With a universal life insurance policy, your beneficiary will receive the accumulated cash sum, or death benefit, tax free after you die. This amount can help to pay for funeral expenses, debts, estate taxes, mortgages and other expenses. In addition, you can borrow against your cash value, but the amount owed will be deducted from the death benefit.
Typically, the life insurance company will allocate some of your premium payment to an interest-credited account called the cash value account. A minimum interest rate is guaranteed, and the remaining amount will be credited with additional interest based on current rates or an equity index, depending on your policy. The company will periodically deduct expenses and the cost of insurance protection from your cash value account.
If you want more flexibility, there are indexed universal life and variable universal life policies available. Both options provide higher potential for cash value growth through investment choice, but can be more complicated than traditional whole or term life policies. They also require more active management as they allow you to choose the investment sub-accounts that will contribute to your cash value.
You can also buy a specialized universal life insurance policy that offers the benefits of both a whole and an indexed universal life with long-term care coverage built in. These hybrid policies are a good option for someone who needs to secure coverage for their spouse or children while also protecting against future costs associated with long-term care, such as home health care or assisted living.
Variable Life
Variable life insurance is a type of permanent insurance that allows you to allocate a portion of your premiums into a mutual fund-like investment portfolio. These funds are then diversified across a range of investment options designed to meet your specific risk tolerance and investing goals. This is a more flexible life insurance option than whole or universal life. It also has the potential to offer significant investment earnings, although your policy’s cash value will fluctuate based on the performance of the invested assets.
However, because variable life insurance policies are investments regulated by the federal securities commission, you should expect higher fees and expenses than other types of insurance. The insurance company’s administrative charges, as well as the costs of managing and underlying investments, will be deducted from your premium payments. This means that your death benefit will be reduced if the invested assets lose value.

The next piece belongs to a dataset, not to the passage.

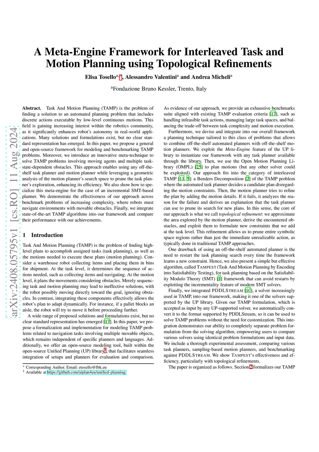 A Meta-Engine Framework for Interleaved Task and Motion Planning using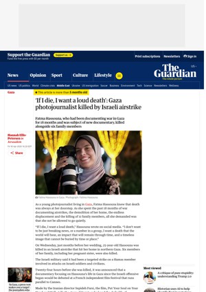 For 18 months, 25-year-old photojournalist Fatma Hassouna documented airstrikes, displacement, and the killing of 11 relatives. On April 15, 2025, a documentary featuring her was selected for screening at Cannes. The next day, at “around 1:00am, while the family was asleep,” an Israeli strike killed Hassouna and “six members of her family, including her pregnant sister.”

Like all mutual funds, variable life insurance policies carry certain risks and are not guaranteed to perform at all times. If the investment options you choose under your policy perform poorly, your cash value will decline, and you may have to make additional withdrawals or loan against your cash value. These issues can make variable life insurance unsuitable as a long-term savings vehicle.
Before purchasing a variable life insurance policy, you should review all the policy details with your financial professional. Ask your advisor to provide a policy prospectus that describes the policy in detail, including all fees and expenses. You should also be aware of the minimum required death benefit, which is usually equal to the total face amount of the policy, and any other features that you can add to your policy. Be sure you understand how these additional features may affect your policy’s death benefits and cash value accumulation. Suppose you decide against a variable life insurance policy. In that case, you can usually cancel it within a specified period of time, known as the look period, without incurring any cancellation or early termination fees. Alternatively, you can purchase a term life insurance policy that meets your coverage needs and invest the remainder of your savings in a tax-favored retirement account.